Я живу как крестьянка крепостная. У меня четыре платья есть

вечерних шелковых, а надеть их некуда. Решено — мы завтра же

уезжаем на курорт!

— Зачем нам курорт? У нас прекрасный дом есть — в Простоквашине. Ты только подумай!

— А что я там буду делать — в вашем Простоквашине? В вечернем

платье дрова рубить или быков очаровывать? Хватит — я на вас

весь год со сковородкой работала, а теперь я хочу на курорт —

отдыхать!

<…> — Я тебя воспитывала, я из-за тебя ночей не спала! А ты, ты… на

электричке едешь…

— Он правильно едет — ему в деревне лучше. У него же нет

вечерних платьев.

Из мультфильма «Каникулы в Простоквашино» (1980)

 

Отдых по путевке на черноморском курорте и дачный отдых в деревне можно рассматривать как два полюса отдыха советского человека.
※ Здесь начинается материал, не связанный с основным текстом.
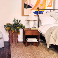 V Bedside Table is a multi-purpose table. With a lot of storage, this table is just as functional in your bedroom next to a bed, as in the living room next to an armchair or sofa. The bedside table in beech has been stained and oiled to receive a matte finish.

Если деревенский полюс подразумевал природу, естественность, присутствие животных, относительную уединенность, не самые комфортные бытовые условия, активную деятельность (возделывание огорода, сбор грибов и ягод, даже просто принос воды из колодца и заготовку дров для печки), то полюс курортный ассоциировался с пассивным отдыхом, регламенти рованным извне, социализа цией, эстетикой, уровнем комфорта, приближающимся к городскому. В этой главке речь пойдет о курортах и организованном отдыхе по путевкам.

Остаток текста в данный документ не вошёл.